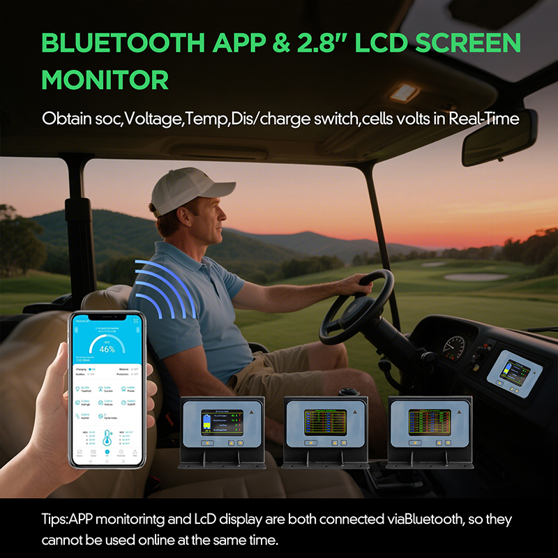 - Born for Golf Carts & LCD Touchscreen: The lithium battery is specially designed and engineered to meet the rigorous demands of the 48V golf cart industry, with more powerful energy and excellent performance, compatible with the main brand golf cart controllers in the market. And comes with a 58.4V 25A LiFePO4 charger, which supports fast charging, 0% to 100% in just 4 hours. Equipped with a 2.8-inch touch screen you can view and control the battery in real time on the LCD screen.
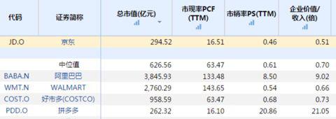 对标亚马逊的京东显然也在此之列。虽然有增速放缓和创始人丑闻的影响,但京东股价自年初高点已经下跌了6成。目前,京东的P/CF(市现率)、P/S(市销率)和EV/R(企业价值/收入)不仅大幅低于阿里和拼多多,甚至比沃尔玛和好事多这类传统零售公司还要低。
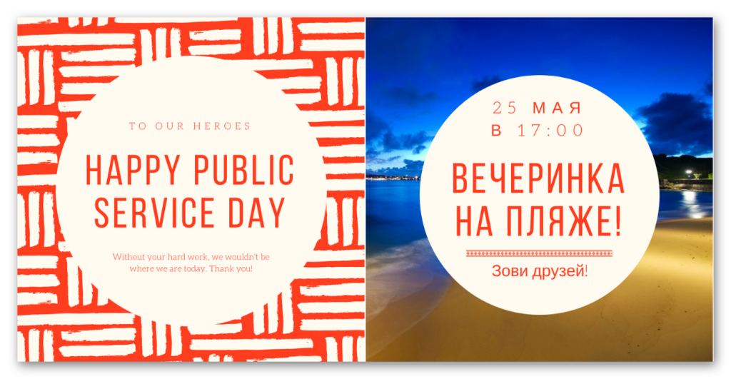 Все шаблоны распределены по категориям — для соцсетей, документов, блогов, рассылок, событий.
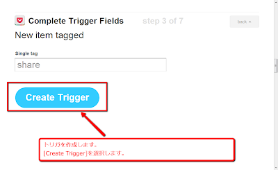 ①トリガ条件: Pocket上で記事に”share”タグが付与される
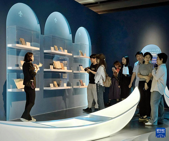 7月3日,工作人員(左)向參觀者講解一組馬可·波羅相關(guān)文獻(xiàn)資料的展品。
□ □ □
» **TO DO**:
From the line containing "Все шаблоны распределены" to the last line of the records, inclusive, output the lines exactly as written and nothing else; leave out the pictures.

» **PROBLEM SOLUTION**:
 Все шаблоны распределены по категориям — для соцсетей, документов, блогов, рассылок, событий.
 ①トリガ条件: Pocket上で記事に”share”タグが付与される
 7月3日,工作人員(左)向參觀者講解一組馬可·波羅相關(guān)文獻(xiàn)資料的展品。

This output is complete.